WHAT THIS TASK INVOLVES
What's needed is an exact copy of the lines from the one that contains "전동 모션데스크 화이트" to the end of the data below, leaving the pictures out.

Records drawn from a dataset
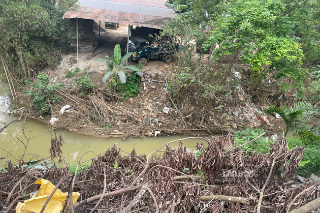 Đáng chú ý, không ít vị trí xuất hiện các bãi đổ đất, phế thải xây dựng lấn sát lòng suối, khiến dòng chảy bị thu hẹp.
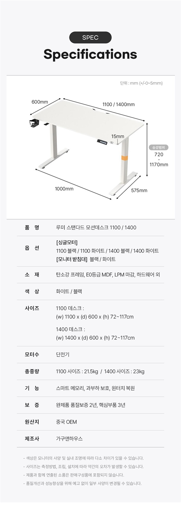 *상품명 : 루미 전동 모션데스크 화이트
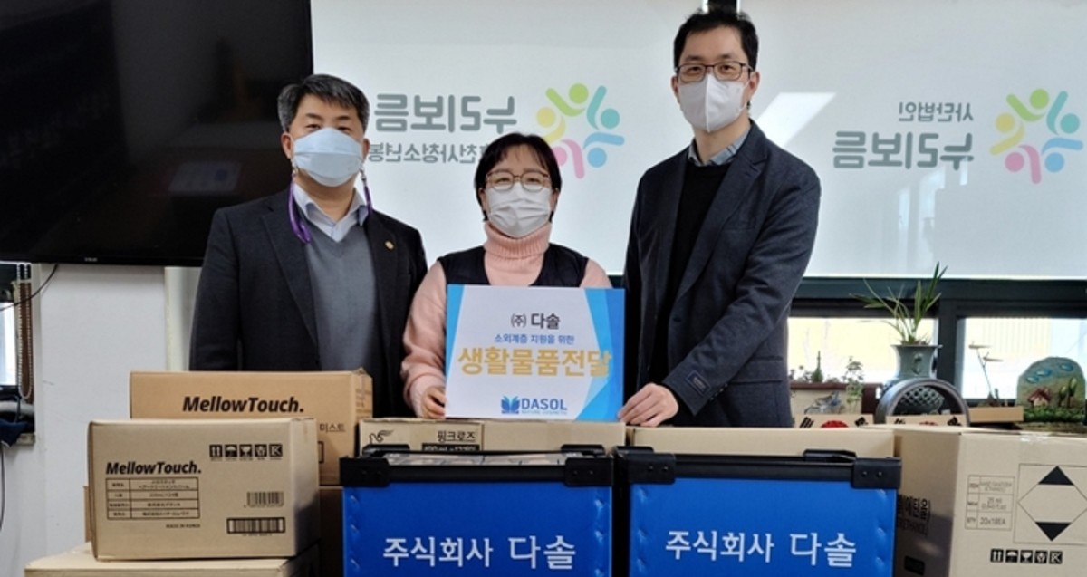 다솔은 지난 6일, 코로나19로 힘겨워 하는 지역 주민들을 위한 후원물품 손소독제 등 생활물품 7종을 고양시 덕양구 사단법인 누리보듬에 전달했다.
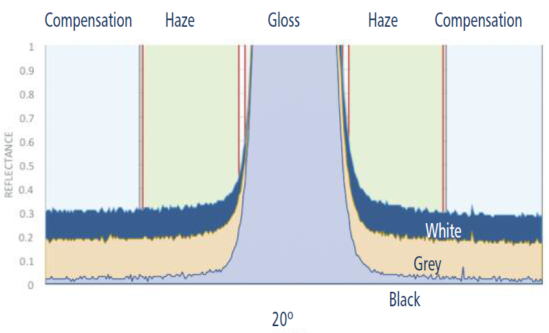 Połysk 20 °• HAZE zamglenie • REFLECTED Jakość odbitego obrazu (RIQ) • wyrazistość obrazu (DOI) • Szczytowa wartość reflektancji (rspec)
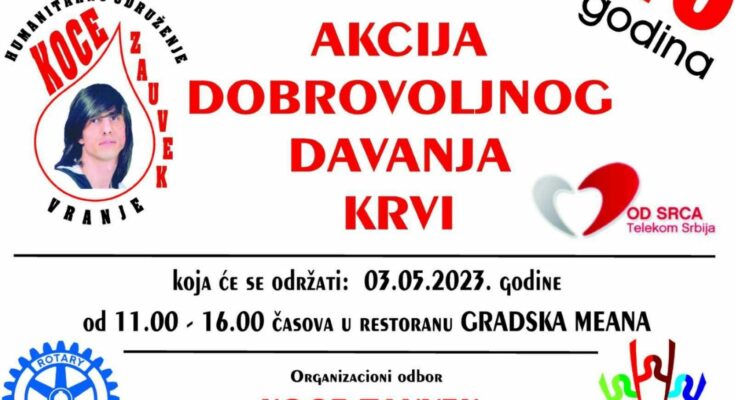 Akcija traje od 11 do 16 sati, a organizatori očekuju stotinak davalaca. Akcija se sprovodi uz nesebičnu pomoć Humanitarnog udruženja „Koce zauvek“, Rotari kluba i Telekoma.

TASK RESULT
 *상품명 : 루미 전동 모션데스크 화이트
 다솔은 지난 6일, 코로나19로 힘겨워 하는 지역 주민들을 위한 후원물품 손소독제 등 생활물품 7종을 고양시 덕양구 사단법인 누리보듬에 전달했다.
 Połysk 20 °• HAZE zamglenie • REFLECTED Jakość odbitego obrazu (RIQ) • wyrazistość obrazu (DOI) • Szczytowa wartość reflektancji (rspec)
 Akcija traje od 11 do 16 sati, a organizatori očekuju stotinak davalaca. Akcija se sprovodi uz nesebičnu pomoć Humanitarnog udruženja „Koce zauvek“, Rotari kluba i Telekoma.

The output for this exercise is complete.